» WHAT THE TASK ASKS
Only one stretch of the records below should be repeated. It starts with the line containing "A super-special dress." and goes on through the line containing "미디어 체험회'는 누구나", exactly as written.

» SOURCE MATERIAL
------------
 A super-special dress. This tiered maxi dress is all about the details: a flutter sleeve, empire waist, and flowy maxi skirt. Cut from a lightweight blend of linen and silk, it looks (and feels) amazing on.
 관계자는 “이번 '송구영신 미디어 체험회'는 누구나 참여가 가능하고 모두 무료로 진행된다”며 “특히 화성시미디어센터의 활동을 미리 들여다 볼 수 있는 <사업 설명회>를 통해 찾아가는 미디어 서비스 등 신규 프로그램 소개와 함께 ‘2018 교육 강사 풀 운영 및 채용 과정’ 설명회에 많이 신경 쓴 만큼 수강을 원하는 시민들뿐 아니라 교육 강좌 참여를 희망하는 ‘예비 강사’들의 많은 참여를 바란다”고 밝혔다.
------------
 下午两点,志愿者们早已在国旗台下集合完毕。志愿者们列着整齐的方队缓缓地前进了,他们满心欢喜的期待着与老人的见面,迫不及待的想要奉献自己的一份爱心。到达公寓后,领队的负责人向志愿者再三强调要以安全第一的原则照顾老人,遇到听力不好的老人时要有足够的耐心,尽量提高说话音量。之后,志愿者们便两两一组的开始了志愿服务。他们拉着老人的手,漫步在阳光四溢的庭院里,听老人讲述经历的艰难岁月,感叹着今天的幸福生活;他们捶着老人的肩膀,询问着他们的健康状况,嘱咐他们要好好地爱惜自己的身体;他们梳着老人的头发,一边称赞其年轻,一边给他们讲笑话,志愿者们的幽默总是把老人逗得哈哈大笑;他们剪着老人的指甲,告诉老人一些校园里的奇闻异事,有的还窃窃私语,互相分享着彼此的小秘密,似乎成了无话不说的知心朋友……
------------
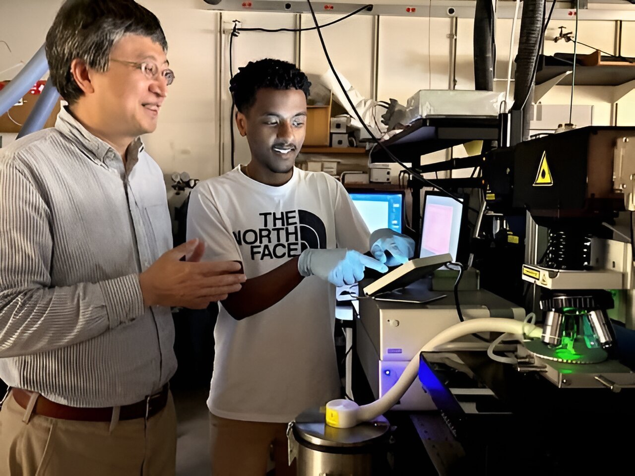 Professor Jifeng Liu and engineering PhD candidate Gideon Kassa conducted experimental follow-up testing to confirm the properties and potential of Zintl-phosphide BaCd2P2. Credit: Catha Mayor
------------
» ANSWER TO THIS PROBLEM
 A super-special dress. This tiered maxi dress is all about the details: a flutter sleeve, empire waist, and flowy maxi skirt. Cut from a lightweight blend of linen and silk, it looks (and feels) amazing on.
 관계자는 “이번 '송구영신 미디어 체험회'는 누구나 참여가 가능하고 모두 무료로 진행된다”며 “특히 화성시미디어센터의 활동을 미리 들여다 볼 수 있는 <사업 설명회>를 통해 찾아가는 미디어 서비스 등 신규 프로그램 소개와 함께 ‘2018 교육 강사 풀 운영 및 채용 과정’ 설명회에 많이 신경 쓴 만큼 수강을 원하는 시민들뿐 아니라 교육 강좌 참여를 희망하는 ‘예비 강사’들의 많은 참여를 바란다”고 밝혔다.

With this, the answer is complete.